UN General Assembly suspends Russia from Human Rights Council
UN General Assembly suspends Russia from Human Rights Council

The UN General Assembly voted Thursday to suspend Russia from the global body's Human Rights Council as punishment for the invasion of Ukraine.

The high-profile rebuke of Moscow marked only the second ever suspension of a country from the council. Libya was the first, in 2011.

Of the 193 members of the assembly, 93 voted in favour of suspension as proposed by the United States, while 24 voted against. Fifty-eight abstained and the remainder did not participate, suggesting a weakening international unity against Russia at the United Nations.

Suspension required support from two-thirds of the member countries casting for or against; the abstentions and absences did not count.

Russia swiftly rejected the suspension, with its foreign ministry blasting the move as "illegal and politically motivated, aimed at ostentatiously punishing a sovereign UN member state that pursues an independent domestic and foreign policy."

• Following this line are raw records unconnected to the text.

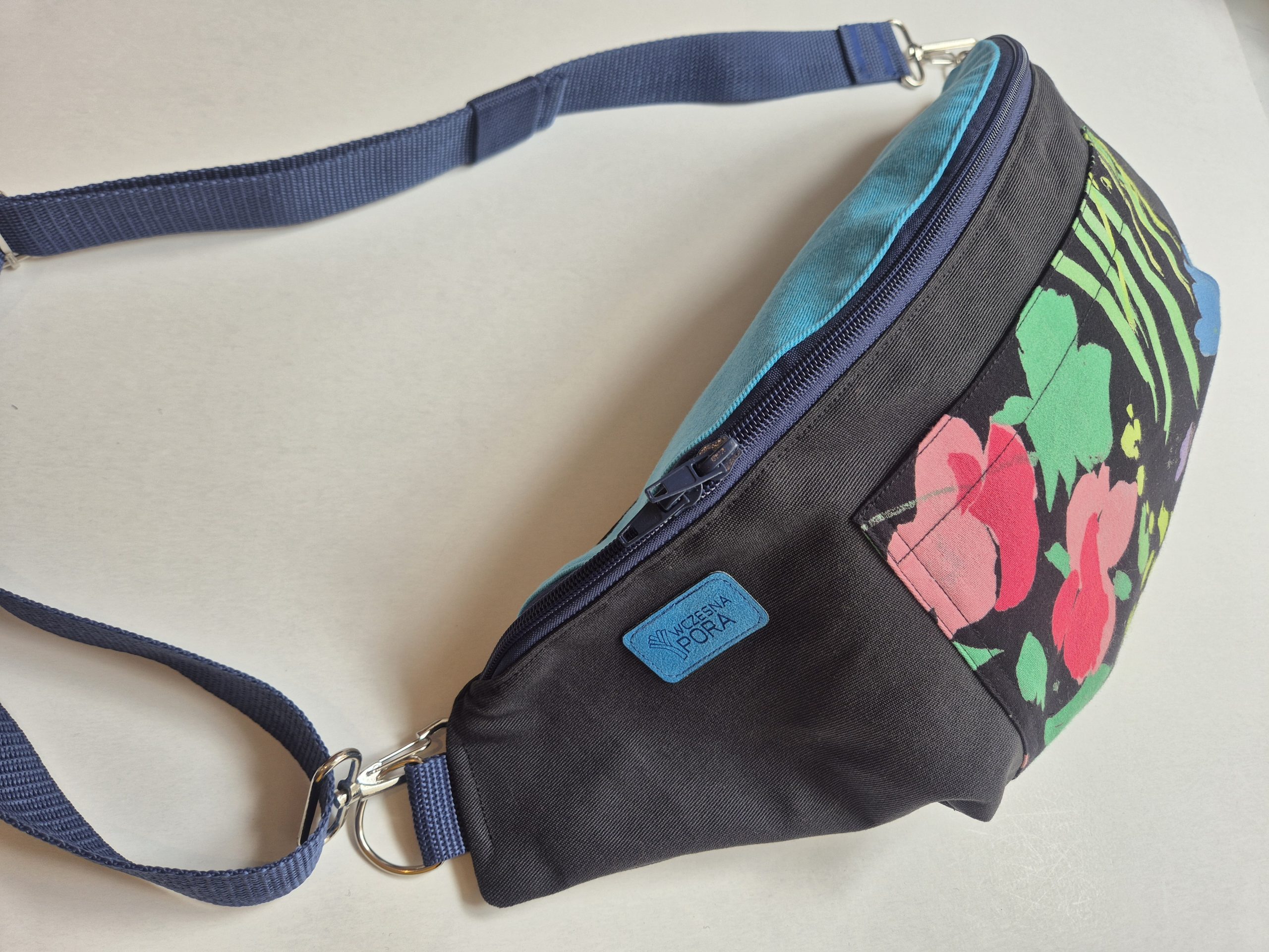 Duża nerka grafitowo-niebieska z kieszonką w malowane kwiaty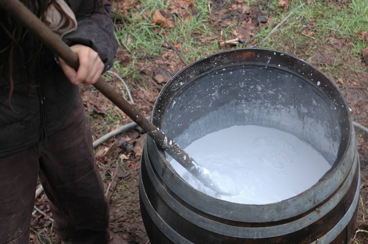Чтобы подготовить известь к дальнейшему использованию, необходимо смешать негашёную известь с водой, в пропорции 1:2. Для этих целей нужно подбирать ёмкость большого объёма: в процессе гашения известь увеличивается минимум двое. Кроме того, процесс сопровождается высокой температурой и выделением известковых паров, поэтому позаботьтесь о респираторе и резиновых перчатках.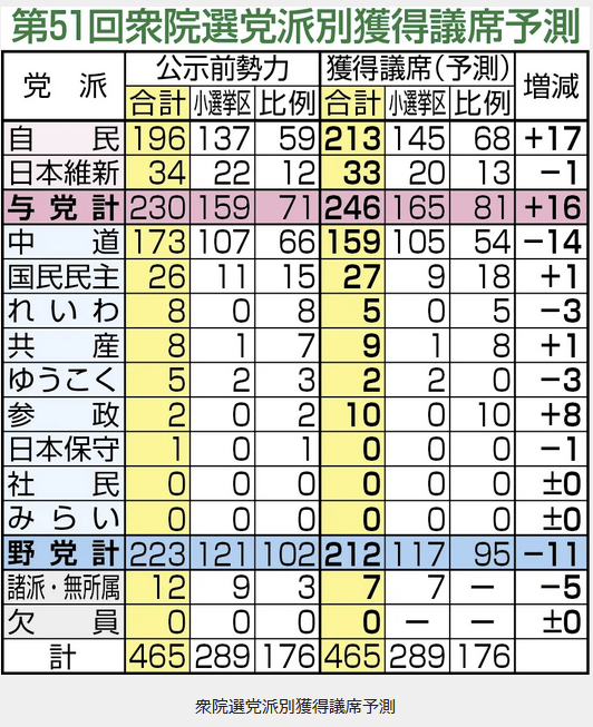 衆院情勢分析では与党過半数越えとなっているが・・・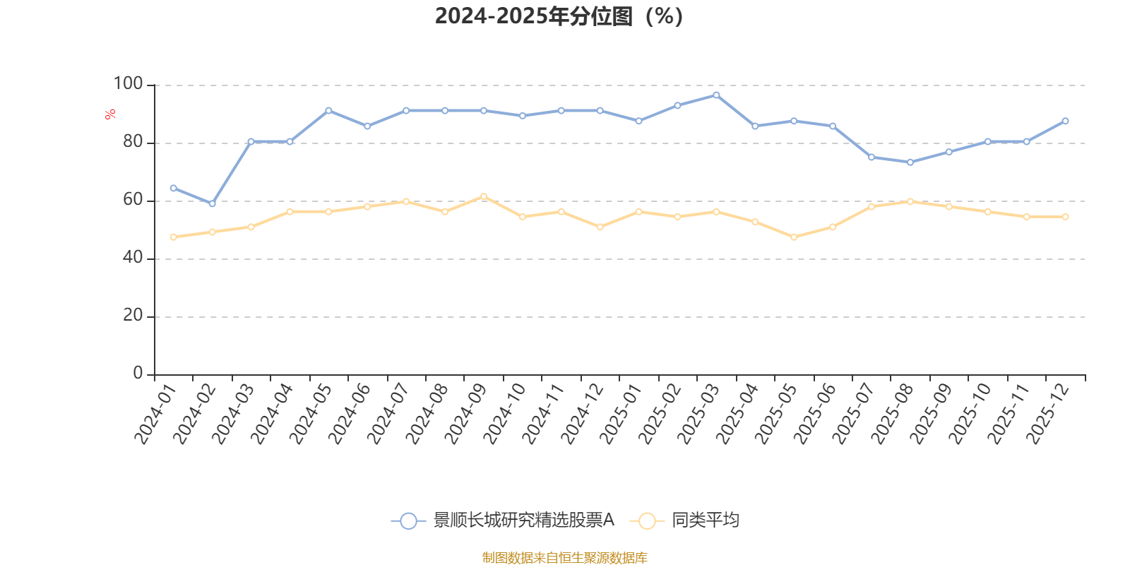 通过所选区间该基金净值增长率分位图,可以观察该基金与同类基金业绩比较情况。图为坐标原点到区间内某时点的净值增长率在同类基金中的分位数。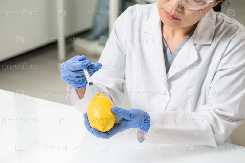 Перчаточные руки современной молодой ученой-женщины в белом халате, инъекционирующей лимон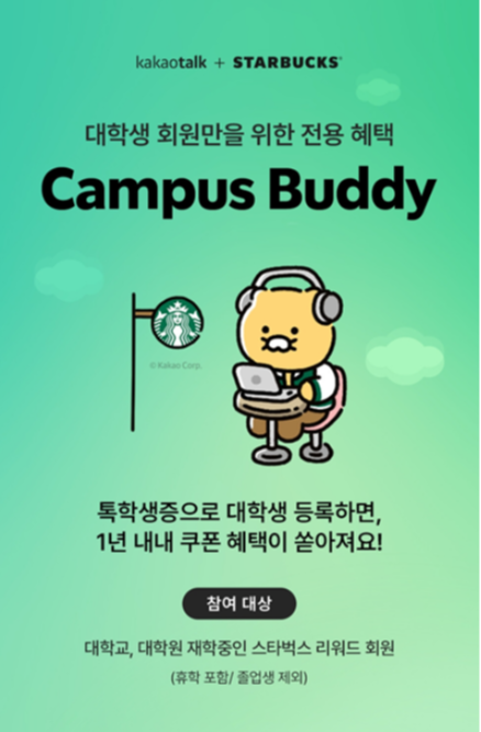 1. 캠퍼스 버디란 무엇인가대학생·대학원생 전용 무료 멤버십스타벅스 앱에서 학생 인증 후 이용대학 생활(과제, 시험, 카공)에 맞춘 혜택 제공2. 가입 대상 및 조건대상국내 대학(원) 재학생 /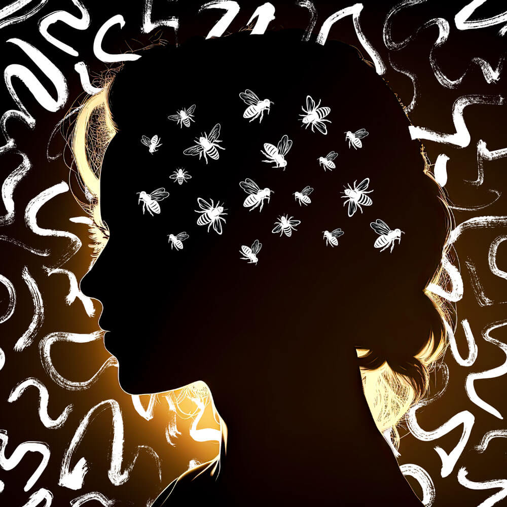 A child’s drawing, depicting his tinnitus as ringing bells.

But US President Joe Biden's top diplomat said Moscow got what it deserved.

"Today, a wrong was righted," Secretary of State Antony Blinken said in Brussels, where he met foreign ministers from NATO and said Russia was carrying out "atrocities" in Ukraine.

"A country that is perpetrating gross and systematic violations of human rights should not sit on a body whose job it is to protect those rights," he said.

Countries voting against included China, a Moscow ally which has steadfastly abstained from criticising the invasion. Others were Iran, the former Soviet republic of Kazakhstan and communist Cuba, as well as Russia itself, Belarus and Syria.

Despite pressure from Moscow for a no vote, several African countries only abstained, such as South Africa and Senegal. Also abstaining were Brazil, Mexico and India.

The UN Human Rights Council was founded in 2006 and is composed of 47 member states chosen by the General Assembly.

Washington argues that the punishment -- suspending Russia from the Geneva-based organisation that is the United Nations' main human rights monitor -- is more than symbolic and in fact intensifies Russia's isolation after the assault on Ukraine that began February 24.

Ukrainian President Volodymyr Zelensky has also called for Russia to be expelled from the UN Security Council "so it cannot block decisions about its own aggression, its own war."